Delivering on “antifragile” isn’t a bad idea. A student body that finds itself traumatized by utterances of others won’t hold up well to the real world that is full of conflict and unpleasant reality.


I'm attracted to the notion of discussing the undiscussable, but how many times will they allow open discussion about "The Holocaust was a Hoax!", "The Earth is Flat!", and similar quackery?

If they are searching for truth, what shoulders will they stand on or will they start from the very beginnings? What will count as truth, and whose word will count? Will everyone need to fly into space to realize the world is round? Or, will one person landing on the moon prove it can be done and was done?

Or, do they hope enough quacks will be convinced of accepted truths to put an end to all the nonsense? Maybe they'll discuss more interesting, nuanced topics which would be interesting to me as an observer.


This is, unfortunately, the left's view of the undiscussable: ignorant quackery.

But a real heterodox environment can foster discussion on real ways the current consensus is lacking.

Like whether reopening schools last Fall was a good idea, as many Republican states did. (I think it was.)

Or whether challenge trials for the vaccines should be allowed. (Could have saved thousands of lives.)

Or discussion of how Covid originated. If you remember, this truly was undiscussable last year.

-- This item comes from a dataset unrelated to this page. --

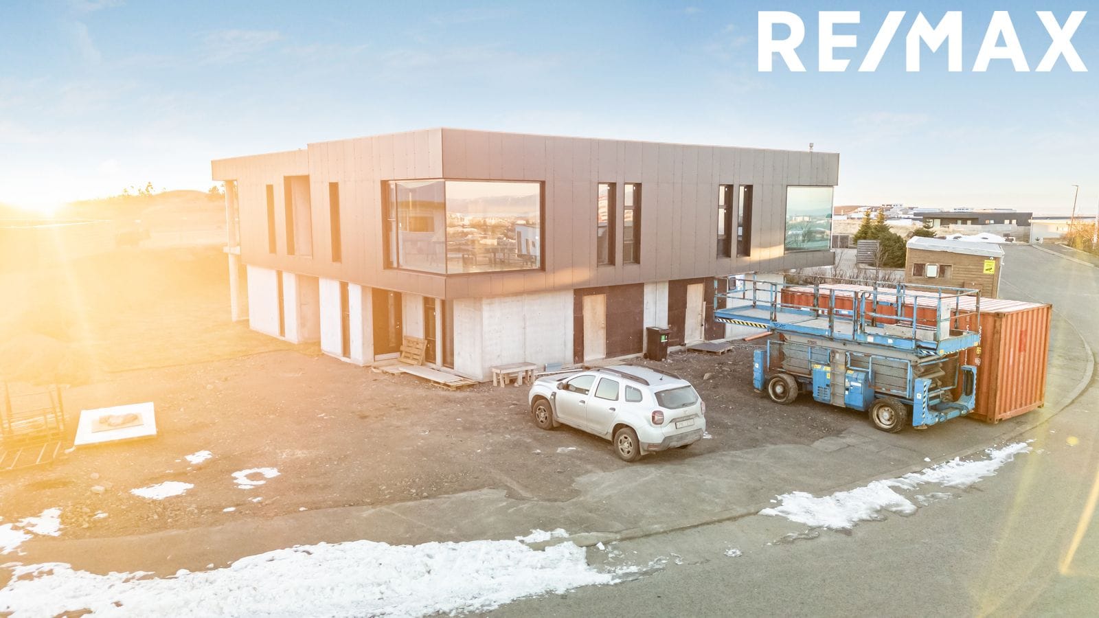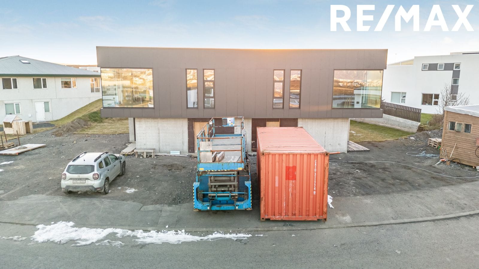 Bílskúr skilast slípaður og ómálaður með fallegri svartri bílskúrshurð með rafmagns hurðaopnara, gert er ráð fyrri ofni inn í bílskúr.

We should never be so confident that we hush up alternative ideas. We make a better society by seeking out how the status quo can be wrong.


Why is academic freedom seen as political balance when conservatives discuss it?

Perhaps I'm unaware of liberals using the same approach.

I view academic freedom as the freedom to look into questions or hold alternate viewpoints that are supportable. Regardless of affiliation, IMO political beliefs aren't typically data driven, and when the data goes the wrong way people tend to exercise apologetics instead of intellectual honesty.


I fear this will create another echo chamber, of students having controversial opinions on certain topics such as gender studies, evolutionary psychology etc. Also a stigma with going to this university might be too strong. Imagine being a young male student and telling people at the party you are attending this university. I am pretty sure in the future it would be like telling people you vote for Donald Trump.

If I were to choose university in the USA I would select one from the FIRE list [0] that are certified pro-freedom of speech / research but don't have such a big stigma. University of Chicago might be good, altough I am not based in USA so I don't know if there is stigma I'm describing connected to UoC

[0] https://rankings.thefire.org/rank


University of Chicago is a very selective school. You don't just choose University of Chicago and then get to go to University of Chicago.


> Universities are the places where society does its thinking, where the habits and mores of our citizens are shaped.

This sounds a lot more like a hypothetical ideal than a statement of fact.


Uh yeah. It's aspirational and why they're starting a university.


If it's aspirational, I would have suggested replacing "are" with "ought to be."


I see no Hume-ian distinction here with is/ought. The context seems pretty clear. But regardless, perhaps for some the verbiage could be clearer with adding the kludge of "ought to be."


I made my original comment because despite the context I'd read up to that sentence, my gut reaction was "that definitely doesn't sound right."